After the ride on the canal, at the entrance of the lake, we stopped to have a closer look at a fisherman. But the ugly truth is that he was a fake fisherman, he didn’t fish, he just made the show for tourists and then asked for money. Not what I expected! 

Traditional fishing technique

Fortunately, I spotted true fishermen later. 

Fishing with spears
Fishing with a net
Mix of fishing techniques

They are very famous for their unique rowing style: with one leg! It allows them to have a better view but also to have their hands free.

We then also passed in front of many wood and bamboo houses built on stilts by the Inthar people. 

The main “street”
A bridge
A nursery school
We first stopped at a market which was more than overcrowded.

The funny part was that the 2 older Korean ladies took the 2 younger Korean girls but also me under their their wings even if we didn’t understand each other!
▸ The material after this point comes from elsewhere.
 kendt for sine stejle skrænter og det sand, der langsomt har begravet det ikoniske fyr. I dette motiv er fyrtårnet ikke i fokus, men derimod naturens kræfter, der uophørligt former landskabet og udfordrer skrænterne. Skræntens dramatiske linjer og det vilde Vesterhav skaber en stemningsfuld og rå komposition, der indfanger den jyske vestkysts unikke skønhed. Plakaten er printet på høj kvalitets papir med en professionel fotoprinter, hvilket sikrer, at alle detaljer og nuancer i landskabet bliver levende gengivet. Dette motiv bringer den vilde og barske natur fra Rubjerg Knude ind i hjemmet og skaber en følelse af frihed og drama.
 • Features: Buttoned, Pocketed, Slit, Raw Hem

They asked to try everything they didn’t know and made me try too! I was sometimes a bit reluctant but I couldn’t say no.

Then, we visited many workshops: cigars, weaving, blacksmith, silversmith, umbrellas… It was interested but it lacked of authenticity as it was too tourist orientated.
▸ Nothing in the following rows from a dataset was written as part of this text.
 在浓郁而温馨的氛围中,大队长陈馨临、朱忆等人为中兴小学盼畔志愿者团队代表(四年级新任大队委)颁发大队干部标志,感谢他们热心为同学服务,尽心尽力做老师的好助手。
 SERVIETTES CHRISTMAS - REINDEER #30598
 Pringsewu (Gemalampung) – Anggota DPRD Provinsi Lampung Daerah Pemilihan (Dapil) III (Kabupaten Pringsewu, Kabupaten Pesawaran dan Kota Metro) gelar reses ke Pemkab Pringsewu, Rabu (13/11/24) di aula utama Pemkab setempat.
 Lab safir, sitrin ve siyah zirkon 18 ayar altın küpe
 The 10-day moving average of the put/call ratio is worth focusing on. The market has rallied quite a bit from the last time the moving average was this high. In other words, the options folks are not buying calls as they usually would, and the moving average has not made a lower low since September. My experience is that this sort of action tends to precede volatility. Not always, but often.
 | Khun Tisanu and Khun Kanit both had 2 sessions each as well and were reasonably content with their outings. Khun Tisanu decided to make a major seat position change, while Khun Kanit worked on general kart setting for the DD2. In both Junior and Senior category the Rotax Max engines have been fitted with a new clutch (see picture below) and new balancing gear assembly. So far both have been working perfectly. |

We also visited some temples, as you can expect in Myanmar with temples  almost everywhere.
We had lunch nearby the Hpaung Daw U Pagoda that we visited before. It houses five small golden images of Buddha, which have been covered with so many gold leaves that it’s impossible to see their original structure.
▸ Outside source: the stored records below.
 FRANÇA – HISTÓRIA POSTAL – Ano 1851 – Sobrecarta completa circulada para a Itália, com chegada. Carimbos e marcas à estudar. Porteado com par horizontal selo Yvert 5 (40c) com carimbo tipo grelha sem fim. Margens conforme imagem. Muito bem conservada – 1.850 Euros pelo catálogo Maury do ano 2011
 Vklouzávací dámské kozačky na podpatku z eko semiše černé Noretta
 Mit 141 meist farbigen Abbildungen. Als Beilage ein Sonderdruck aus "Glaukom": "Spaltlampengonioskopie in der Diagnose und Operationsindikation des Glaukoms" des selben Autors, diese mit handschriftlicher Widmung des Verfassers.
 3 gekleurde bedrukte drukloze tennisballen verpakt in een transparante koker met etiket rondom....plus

After lunch, we asked our captain to go to Shwe Indein Pagoda. It wasn’t included in the tour but we wanted to make the most of our day.
It was a very nice ride on a small creek with paddy fields on both sides. If you’re lucky enough, you’ll be able to spot some water buffaloes in the field or in the creek itself.

We arrived to a small village and went directly to the stairs as we had a tight schedule.

I really regret that I didn’t take the time to buy the nicest paintings of monks I’ve seen during the trip. Once at the top of the stairs, we were surrounded by hundreds and hundreds of stupas. Some older that other. As usual in Myanmar, they like to mix old and new.

With my Korean friends
On our way back to Nyaung Shwe, we stopped at the Nga Hpe Kyaung Monestary, famous for its jumping cats. Unfortunately, we arrived to late to really enjoy the place and see the cats performed. I don’t even know if they were still performing at that time but they for sure don’t any more. However, the place is still full of cats.
We finally finished by the floating gardens before going back to the guesthouse.

The ride back was very nice as the sky took wonderful colours.

I have mixed feeling regarding this boat tour. I can definitely not say that it  left me a lasting memory. What I enjoyed the most what to catch scenes of daily life. 
But I’m quite concerned about the future of Inle Lake as there doesn’t seem to be any regulation regarding tourism and pollution. They should think about it before it becomes too late.
The fifth day was the day we were leaving to enjoy the beach. My boyfriend was such in a bad state and we both wondered how he would make the trip. I was so desperate to see him like this that I went to see the local doctor. Contrary to my expectations, he was a young man dressed as a Western guy (jeans, t-shirt and red Converse) and he spoke perfectly English. He told me that he studied Medecine in the US, which reassured me about his qualifications, and gave me some medicines but it’s quite hard to make a prescription without seeing the patient.
We didn’t explore the Inle Lake area as I wanted. Indeed, we didn’t make a trek and we missed one of the temples I absolutely wanted to see. But when one is sick, especially in such a country, it’s better to take it easy so I don’t have any regrets.
After all those adventures, we were very looking forward to doing nothing in Ngapali Beach.